Today, a focal point of critique when it comes to Eritrea is its national service program, “Sawa,” which high school students complete in their final year (12th grade). In its conception in 1994, national service was supposed to be for a limited time period. However, conditions in Eritrea changed when the former political party of Ethiopia, the TPLF, an organization that initially claimed anti-imperialist aims, became a client to US interests in the Horn of Africa. This led to a border conflict and warfare from 1998 – 2000, which ended the period of peace between Eritrea and Ethiopia after formal Eritrean independence in 1991. Post-war, Eritrea was in a no war-no peace situation, whereby the specter of territorial infringement was a real possibility in a TPLF-led Ethiopia that consistently preached a vision of an Abay Tigray (Tigrinya for “large Tigray”) — a dream to expand into and occupy Eritrea, making it a Tigrinya ethno-state. For many, national service in Eritrea is ongoing.

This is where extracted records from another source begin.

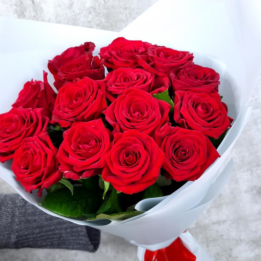 15 красных роз в блестящей упаковке
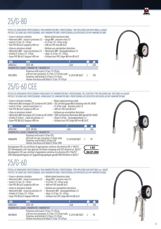 PISTOLA DI GONFIAGGIO PROFESSIONAlE OMOLOGATA CEE MANOMETRO Ø60 | PROFESSIONAL EEC CERTIFIED TYRE INFLATING GUN WITH Ø60 mm GAUGE
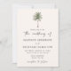 Convites tropicais de casamento com ilustração de palmeira de solteiro no topo do convite com fundo de marfim. Personalize os convites de casamento das palmeiras com seus nomes e detalhes de casamento em letras negras com um moderno script com letra de mão destacando o design. O simples convite de casamento tropical se inverte para exibir um fundo verde sólido. Projetado para coordenar com a nossa coleção de casamento da Palm Tree Minimal.
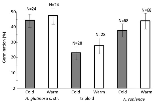 The following are available online at https://www.mdpi.com/2073-4425/11/7/770/s1. Table S1: Locality details of Alnus accessions sampled; Table S2: Differences in germination between Alnus glutinosa s. str., A. rohlenae and triploids in both climatic regimes; Table S3: General overview of germinated triploid seeds.
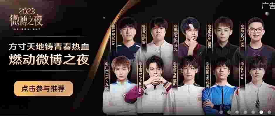 1月6日,2023年微博之夜将在1月13日开始,根据本届微博之夜的广告显示,受邀的电竞选手阵容有:Bin、GALA、Maybe、ZmjjKK、花海等十位不同项目的电竞选手受邀出席。

National service is not a totally uncommon feature of modern day nation-states; countries from South Korea to Israel have national service, which include a military training component. But these countries are seldom critiqued for requiring military service of their citizens. The origin of Eritrea’s national service program, “Sawa,” in 1994 came from a need to give youth work post-war. Decades of colonialism and war left a nascent Eritrean society with purposefully destroyed infrastructures in an effort to de-skill Eritreans both technically and militarily. We can tie this to the US’s goal of policy [and] security interests in Eritrea when it sponsored the UN resolution to federate Eritrea with Ethiopia in 1952, setting off Haile Selassie’s imperial expansionist project in the Horn. These historical-political events are germane to understanding what it means for an African country like Eritrea, whose policies largely focus on developing human capital and capacity and protecting national sovereignty, and which chooses  not to have US-European military relations.

It is helpful and interesting, then, to link Max Weber’s theory of states (and sovereignty), in which he posits that one feature of a legitimate state is a standing army, with how Jemima Pierre theorizes the manifestation of white supremacy and racism in Africa. What does it mean for African people to be organized and possess the military capabilities to defend themselves and their nation? We must eradicate the legacies of imperialism enacted through mechanisms like AFRICOM, which often manifest in unfounded accusations about terrorism and the levying of unjust sanctions.  And we must salute and support Eritrea’s project of national liberation.


Dina M. Asfaha is completing her doctorate in anthropology at the University of Pennsylvania. Her research focuses on medical practices and mutual aid pioneered in the Nakfa trenches of Eritrea during Eritrea’s liberation struggle against imperial Ethiopia (1961-1991), and how these social practices continue to inform the contemporary framework of Eritrean sovereignty.

Tunde Osazua is a member of the Africa Team of the Black Alliance for Peace (BAP) and the coordinator of BAP’s U.S. Out of Africa Network, which is the organizing arm of the U.S. Out of Africa: Shut Down AFRICOM campaign.